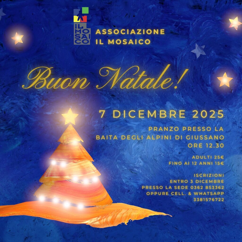 L’invito è rivolto a tutti coloro che vogliono trascorrere un momento di festa con gli amici della Associazione Il Mosaico. Tutte le informazioni sono presenti nella locandina allegata.
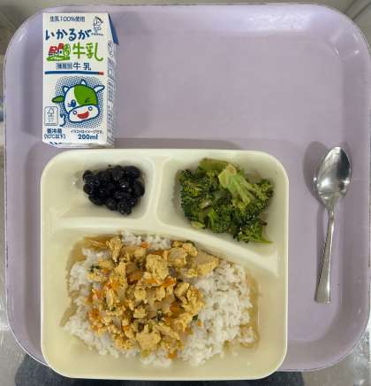 親子丼、ブロッコリーのごまあえ、黒豆の煮もの、ごはん、牛乳
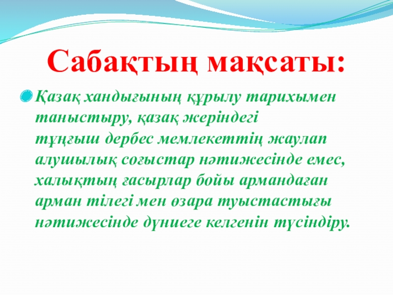 Сабақтың мақсаты:Қазақ хандығының құрылу тарихымен таныстыру, қазақ жеріндегі тұңғыш дербес мемлекеттің жаулап алушылық соғыстар нәтижесінде емес, халықтың
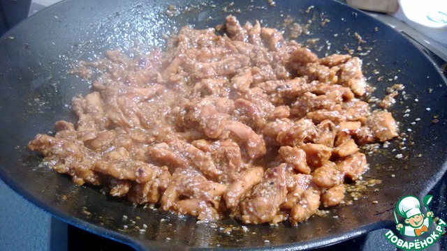 Уже почти все готово! Осталось снова добавить в вок курицу. Добавляем в нее кунжут и еще немного обжариваем.

---+---

> _EXERCISE AIM_: Retype the material in full, exactly as written, and exclude the pictures.

> _WORKED SOLUTION_:
 L’invito è rivolto a tutti coloro che vogliono trascorrere un momento di festa con gli amici della Associazione Il Mosaico. Tutte le informazioni sono presenti nella locandina allegata.
 親子丼、ブロッコリーのごまあえ、黒豆の煮もの、ごはん、牛乳
 Сабақтың мақсаты:Қазақ хандығының құрылу тарихымен таныстыру, қазақ жеріндегі тұңғыш дербес мемлекеттің жаулап алушылық соғыстар нәтижесінде емес, халықтың
 Уже почти все готово! Осталось снова добавить в вок курицу. Добавляем в нее кунжут и еще немного обжариваем.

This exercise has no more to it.